▶ _What you will do_:
Reproduce all the data exactly, without pictures.

▶ _Data below_:
⁂
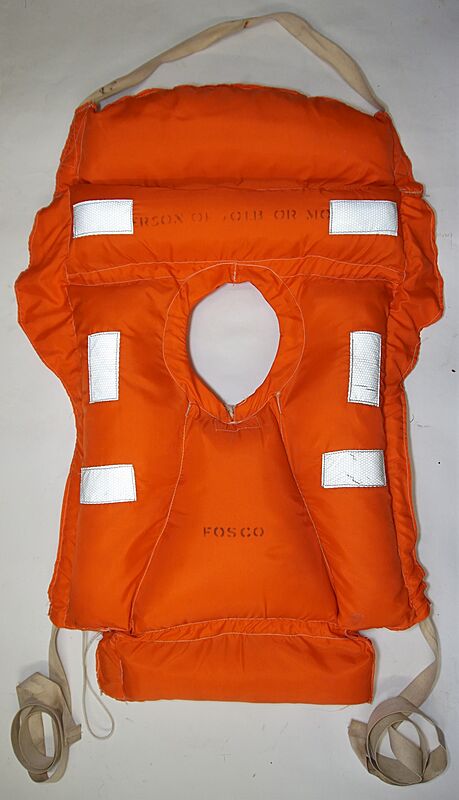 Vintage Department of Trade Standard Lifejacket - An original Department of Transport issue ships life vest stamped 'Standard', 'Front' and for 'Persons of 32 kilos or more' and the same message on the reverse indicating 70 Lbs. It is also stamped 'FOSCO' who we assume was the manufacturer. It appears to be kapok filled and the outer is finished in a dayglo orange cloth with reflective strips. It carries a DT acceptance stamp for September 1982 but despite being nearly 39 years old it is in very good issued condition. It comes complete with various straps and a Mk II Perry emergency whistle which is attached to a lanyard, for attracting attention at night and all original securing straps.
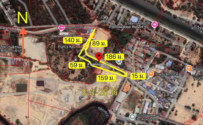 - พื้นที่รวม 3 ไร่ 3 งาน 25 ตารางวา
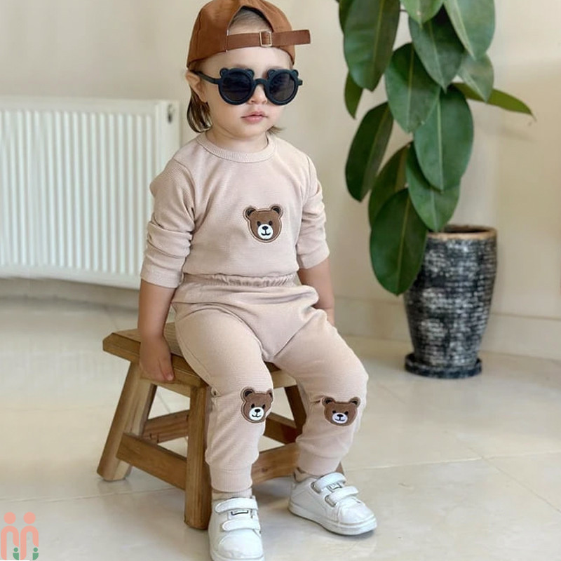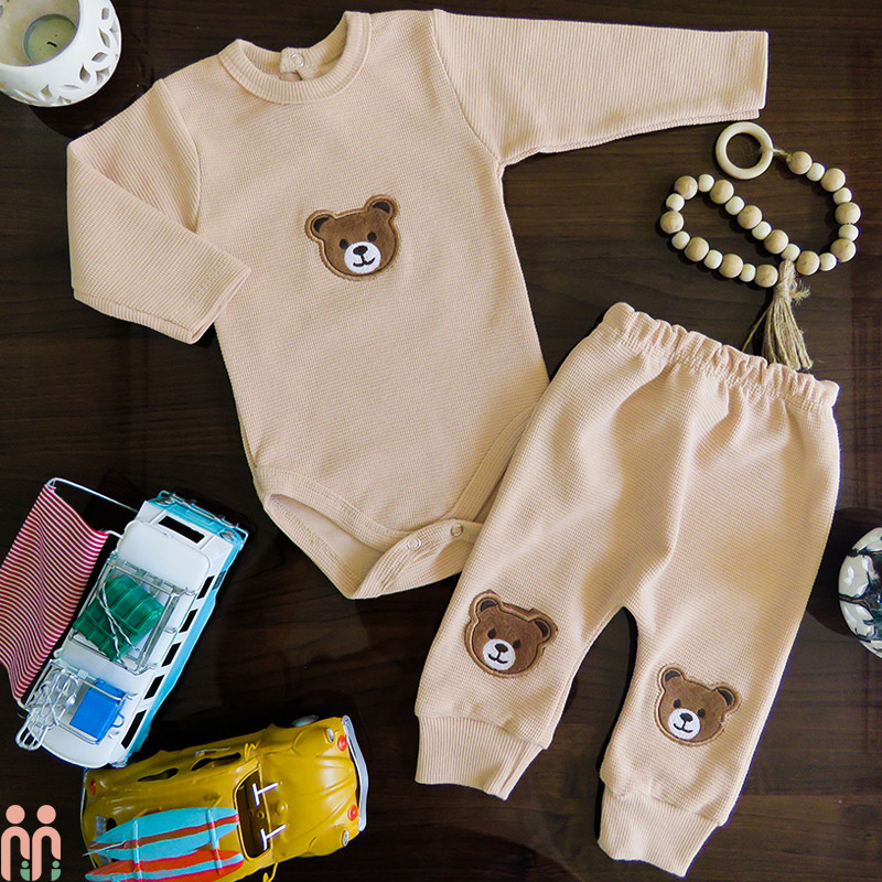 بادی زیردکمه دار و شلوار نخی بیسکویتی نسکافه ای تدی kids teddy bodysuits and pants
⁂
▶ _Response to this exercise_:
 Vintage Department of Trade Standard Lifejacket - An original Department of Transport issue ships life vest stamped 'Standard', 'Front' and for 'Persons of 32 kilos or more' and the same message on the reverse indicating 70 Lbs. It is also stamped 'FOSCO' who we assume was the manufacturer. It appears to be kapok filled and the outer is finished in a dayglo orange cloth with reflective strips. It carries a DT acceptance stamp for September 1982 but despite being nearly 39 years old it is in very good issued condition. It comes complete with various straps and a Mk II Perry emergency whistle which is attached to a lanyard, for attracting attention at night and all original securing straps.
 - พื้นที่รวม 3 ไร่ 3 งาน 25 ตารางวา
 بادی زیردکمه دار و شلوار نخی بیسکویتی نسکافه ای تدی kids teddy bodysuits and pants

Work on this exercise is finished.